If a debtor chooses an inappropriate chapter, there can be serious implications. Chapter 13 plans, for instance, are more likely to fail than a Chapter 7. Nearly two of every three Chapter 13 plans are not completed, which means the filers’ remaining debts are not discharged, leaving them right where they started. One bankruptcy judge, who sees filers once they can no longer make the required payments in the plans, said the debtors usually do not have enough income to stick with the budget.

“They thought they could cut back on this or that, and you might be able to do that for three or four months,” said the judge, C. Ray Mullins, chief judge for the United States Bankruptcy Court in the Northern District of Georgia. “But in a Chapter 13, it will be either three or five years. There are certain things you can’t anticipate — a spike in gas prices.”

The study has two parts. One used data from actual bankruptcy cases from the Consumer Bankruptcy Project, the most detailed trove of information on filers currently available. The project surveyed 2,400 households nationwide who filed for bankruptcy in 2007.

Results from the second part of the study, which illustrated the lawyer’s influence in determining which bankruptcy chapter to choose, came from a survey sent to lawyers asking them questions based on fictitious couples who were seeking bankruptcy protection. When the couple was named “Reggie and Latisha,” who attended an African Methodist Episcopal Church — as opposed to a white couple, “Todd and Allison,” who were members of a United Methodist Church — the lawyers were more likely to recommend a Chapter 13, even though the two couples’ financial circumstances were identical.

Even though the attorneys’ fees for the more labor-intensive Chapter 13 are more than double the charge for a Chapter 7, some truly distressed debtors will pursue a Chapter 13 anyway, several bankruptcy experts said. That is because they can pay the fee over time, unlike in a Chapter 7, which typically requires a payment before the case is filed. If blacks are perceived as less likely to have the resources — or a family with resources — to come up with a lump sum, some lawyers may be inclined to suggest a Chapter 13, these experts suggested.

But Professor Lawless said he and the other researchers accounted for this possibility in their results. As to the possibility that unscrupulous attorneys could push Chapter 13 filings in an attempt to get higher fees, Professor Lawless said that effect should be apparent across all races.

He said the study has no information about whether other players in the process — judges and bankruptcy trustees, among others — were contributing to the difference in filings rates.
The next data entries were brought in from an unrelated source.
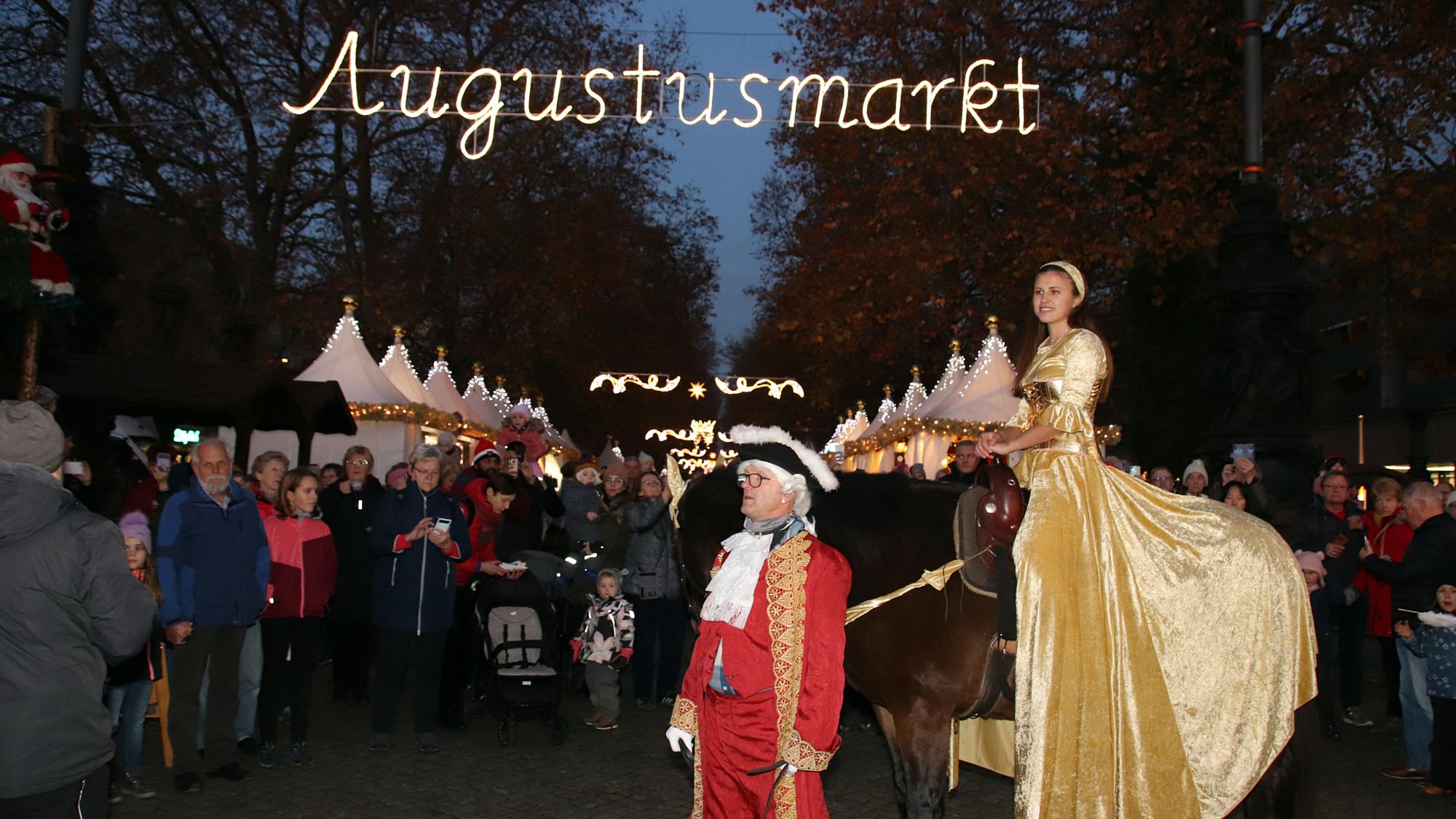 Heute Nachmittag ist mit einem Spielmannszug und einer Goldenen Reiterin der Dresdner Augustusmarkt auf der Hauptstraße eröffnet worden.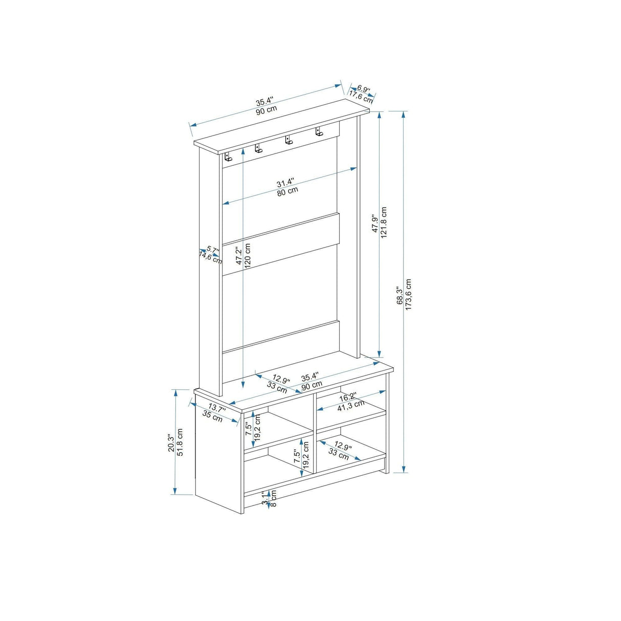 Cuier cu pantofar Napoli cu Bancuta, Stejar, 90 x 174 x 35 cm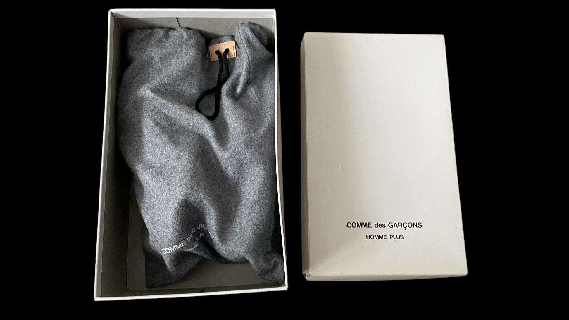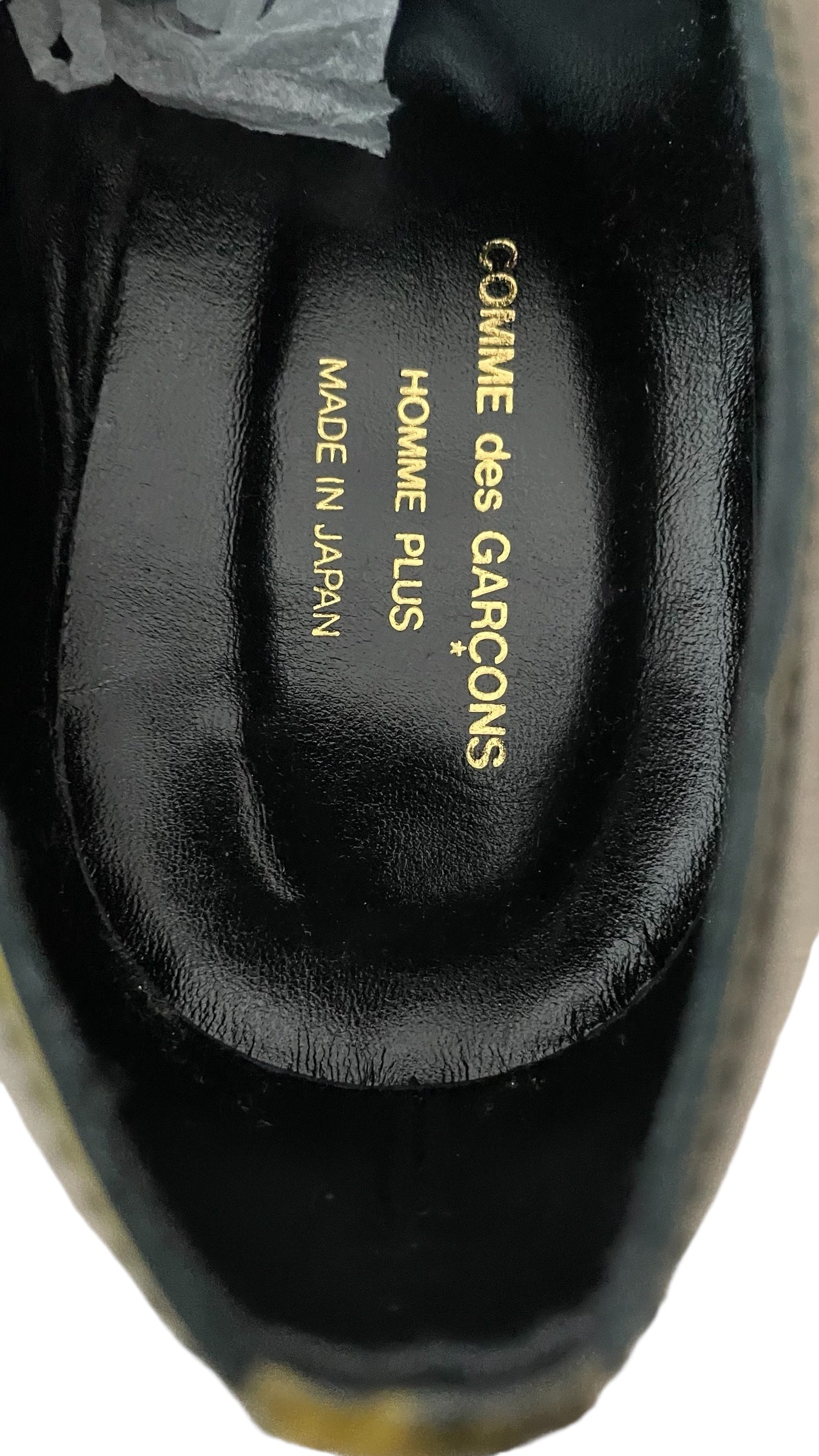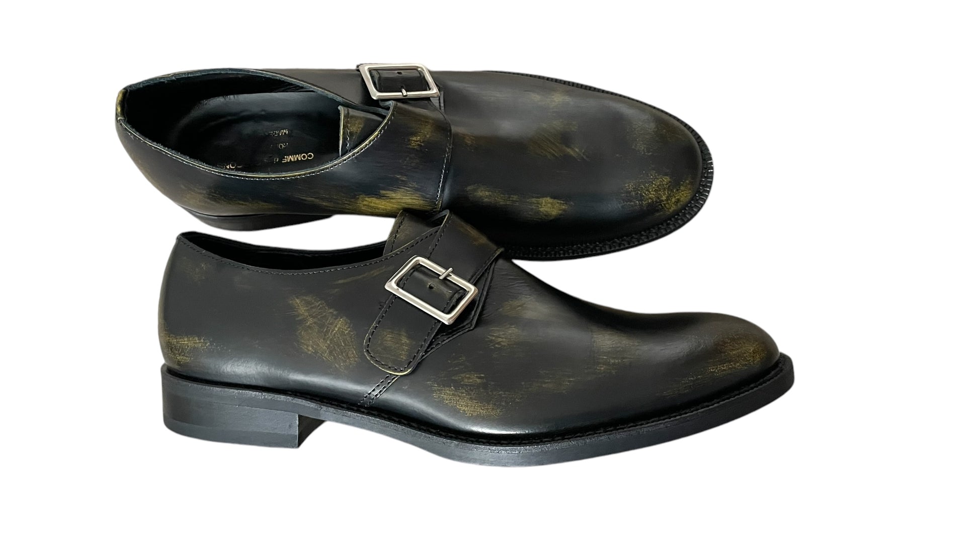 Men’s leather shoes by CdG Homme Plus: black olive green with silver side buckle. Rubber sole

William E. Brewer Jr., president of the National Association of Consumer Bankruptcy Attorneys, and a practicing lawyer in Raleigh, N.C., disputed the premise of the study that Chapter 13 was always more burdensome and always required debtors to pay more to their creditors. “The study does not adequately control for the numerous complex factors that dictate chapter choice,” he said. “Having said this, Nacba intends to present the study to its members for discussion and self-reflection.”

Other, more limited studies have also shown the higher incidence of Chapter 13 among blacks. In Chicago, the Woodstock Institute, a research and policy group, reported last May that in mostly black communities in Cook County, nearly half the cases from 2006 to 2010 were filed under Chapter 13, compared with 32.8 percent of all cases filed in the county. “For people of color, who historically have fewer assets, preservation of assets is a top priority,” said Tom Feltner, vice president at Woodstock, who added that lawyers often have a financial incentive to push Chapter 13 filings. “It is possible that the higher levels of Chapter 13 in communities of color can be explained by a combination of higher attorney’s fees and a filer’s desire, or advice that elevates a filer’s desire, to preserve as many assets as possible.”

Henry E. Hildebrand III, who has served as a Chapter 13 trustee in Tennessee for 30 years, said he had noticed that blacks and other minorities appeared to be overrepresented in Chapter 13 cases. “We should focus not on picking apart the conclusions,” Mr. Hildebrand said, “but use this study as an indication that we should be attempting to fix what has become a complex, expensive, unproductive system.”